Les deux pays sont proches de la rupture. Un tel scénario est-il possible ? Quel serait l’impact sur la diaspora algérienne ?
Si les deux pays s’approchent de la rupture, un tel scénario pourrait avoir des conséquences profondes, y compris pour notre communauté.
Une escalade des tensions diplomatiques ou des sanctions mutuelles pourrait précipiter cette rupture. Sur le plan économique, bien que les deux pays soient interdépendants, une rupture totale resterait envisageable si les tensions devenaient incontrôlables.
Des alliances extérieures pourraient également influencer la dynamique, certains acteurs internationaux cherchant à apaiser la situation tandis que d’autres pourraient l’exploiter.
Les membres de la communauté ayant des attaches dans les deux pays risqueraient de perdre leur liberté de circulation, se retrouvant bloqués d’entrée dans l’un ou l’autre.
Il est crucial d’œuvrer pour éviter une telle issue. Le dialogue et la diplomatie restent essentiels, avec des canaux de communication officiels et informels permettant de limiter l’escalade. Une communauté bien organisée pourrait jouer un rôle de médiation et peser en faveur d’une désescalade.
Le ministre de l’Intérieur français Bruno Retailleau menace de sanctionner Air Algérie qui refuse d’embarquer les Algériens expulsés dans laissez-passer consulaire. Certains en France propose même de suspendre les vols entre les deux pays. Faut-il envisager une suspension des vols entre l’Algérie et la France ?
Une suspension des vols entre l’Algérie et la France aurait d’importantes répercussions diplomatiques, économiques et humaines.
Elle constituerait une escalade des tensions et pourrait entraîner des représailles de la part d’Alger. La communauté algérienne en France serait particulièrement touchée, avec des difficultés de déplacement pour les familles, les étudiants et les travailleurs. L’économie en souffrirait également, notamment dans les secteurs des compagnies aériennes, du tourisme et des échanges commerciaux.
L’OACI ne pourrait pas empêcher une telle suspension si elle résulte d’une décision politique, mais elle pourrait jouer un rôle de médiation en cas de violation d’accords internationaux. Le dialogue diplomatique reste la meilleure option pour éviter une crise prolongée.

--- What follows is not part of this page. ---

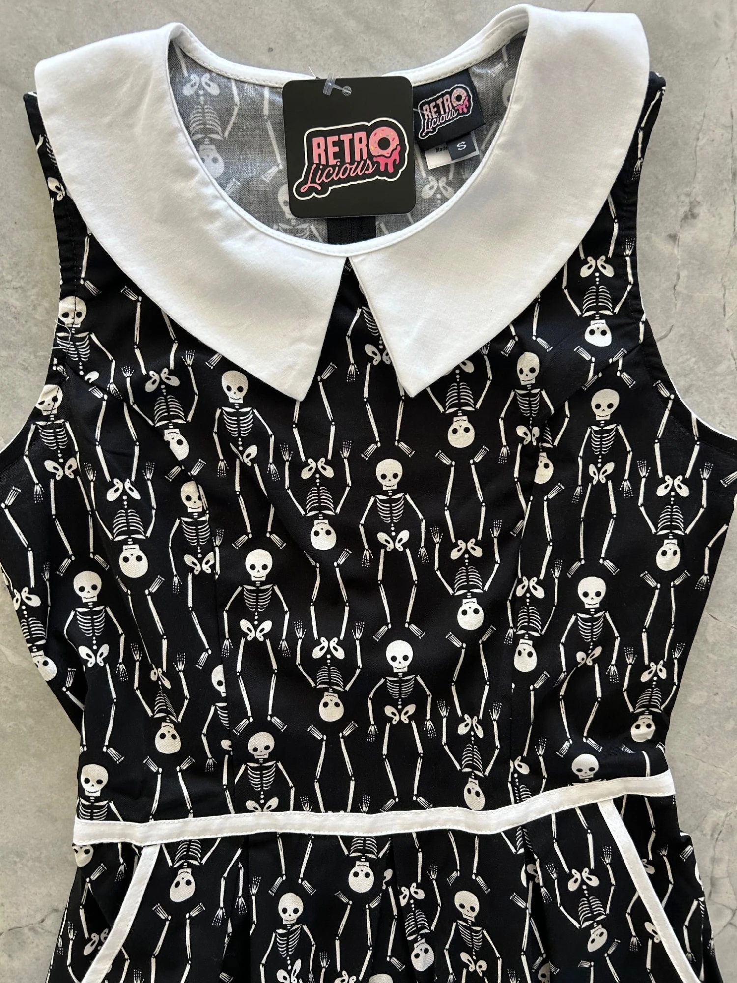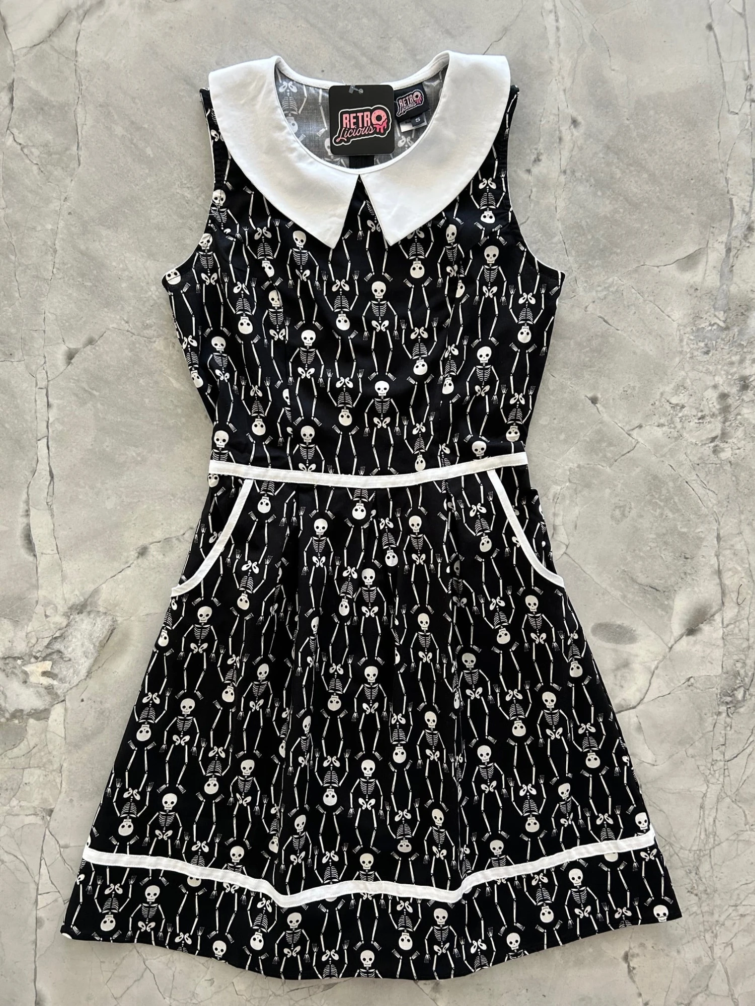 Fun and totally functional, this retro dress is bound to be your new favorite! Shown in our Skeleton print, this 60s style cotton dress features a contrast Peter Pan collar, contrast piping throughout, a-line skirt with side pockets, and a back zippered closure.

La question des OQTF est au cœur de la crise entre Alger et Paris. Comment la résoudre ?
La crise des OQTF ne pourrait être résolue que par un dialogue diplomatique renforcé et un cadre de coopération équilibré. Associer les députés de la communauté algérienne en France et les groupes d’amitié parlementaire des deux parlements aux discussions permettrait d’identifier des solutions respectueuses des droits des personnes concernées.
Des mesures justes, comme le respect des voies de recours des justiciables, faciliteraient la coopération entre les deux pays. Il est essentiel de dépolitiser la question et d’adopter une approche pragmatique et humanitaire pour éviter qu’elle ne devienne un levier de pression diplomatique. Un compromis est nécessaire pour prévenir une crise prolongée préjudiciable aux deux grands pays.